Over a year later, and I still find myself returning to this journal to do my reflecting. I guess my absence for the past year demonstrates how little reflecting I did. I could write about it now, but what would be the point? These ramblings serve as a place to unload my emotions and work through the things I am dealing with at a given moment. The events of the last year are already behind me, and although I am sure they have had their part in effecting who I am, I feel there is no need to pick them back up and examine them...at least for now. Suffice to say, 2012 was a terrible and wonderful period of time.

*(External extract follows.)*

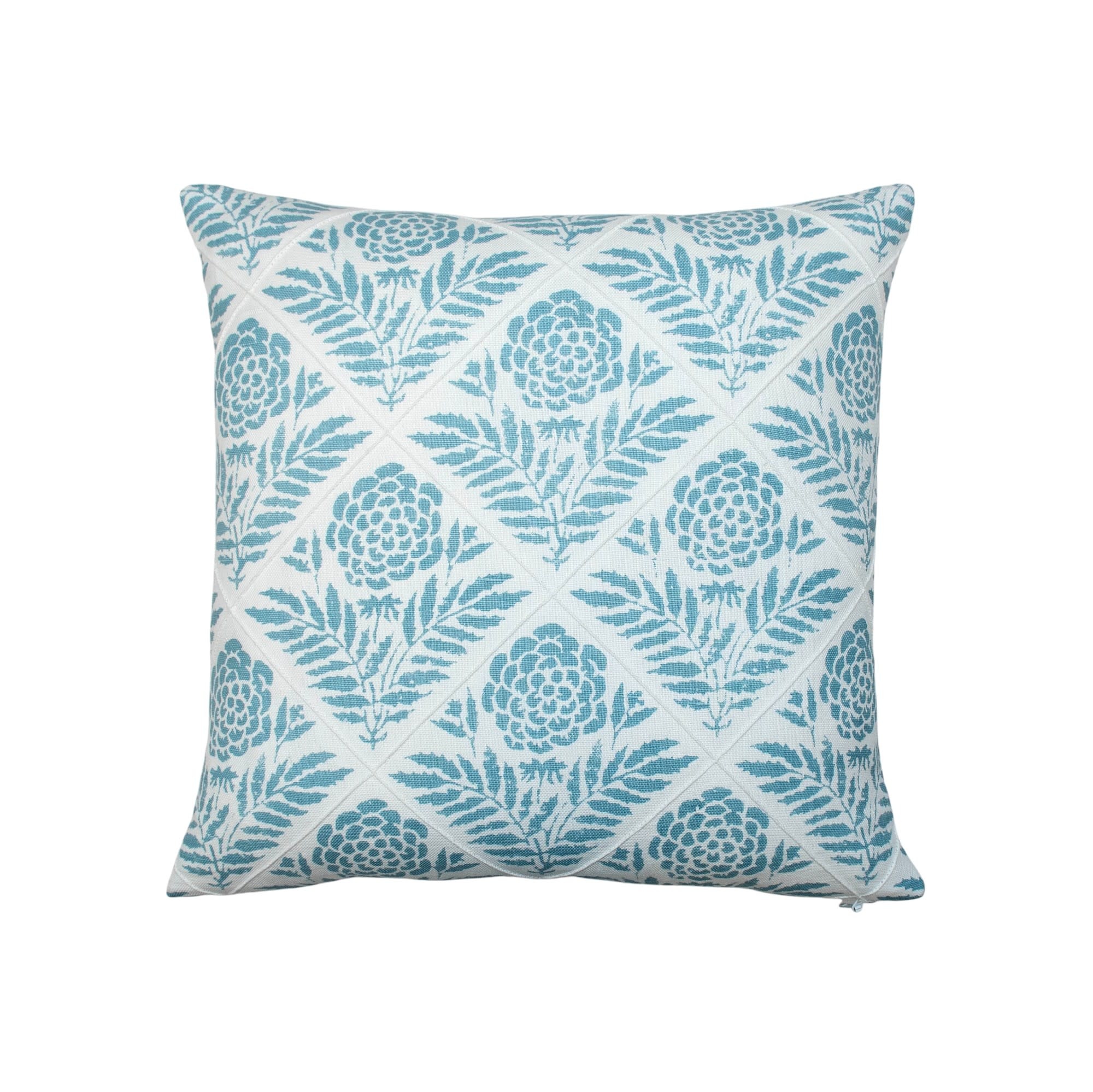 Fresh and airy, this pillow brings a soft pop of color to any space. A crisp white ground is printed with stylized florals in a soothing aqua blue, arranged in a chic diamond lattice pattern. Perfect for brightening a sofa, reading chair, or bed with a coastal, relaxed feel.

Most things happening lately are good things. I will be starting my first full semester at UNLV in a little less than a month, and my VSG surgery is two weeks from today. I've just started the pre op diet...day one has been horrible and I've felt nauseous/hungry/tired all day. My hope is that in a few days my stomach will start shrinking down and I wont feel so deprived. Right now all I can think of is all the delicious shit I am NOT eating and WILL NOT be eating for a very long time. It makes me emo. I feel like an alcoholic with nary a drop to drink. I'm beginning to realize that this is definitely not going to be as easy as I thought it was. I mean I know on a fundamental level that this is what I want, and that I will endure whatever is necessary to make this work....but right now I just feel sick and deprived and scared as my surgery date draws closer. I almost wish it was tomorrow...just so I wouldnt have to be hungry and nervous for the next two weeks.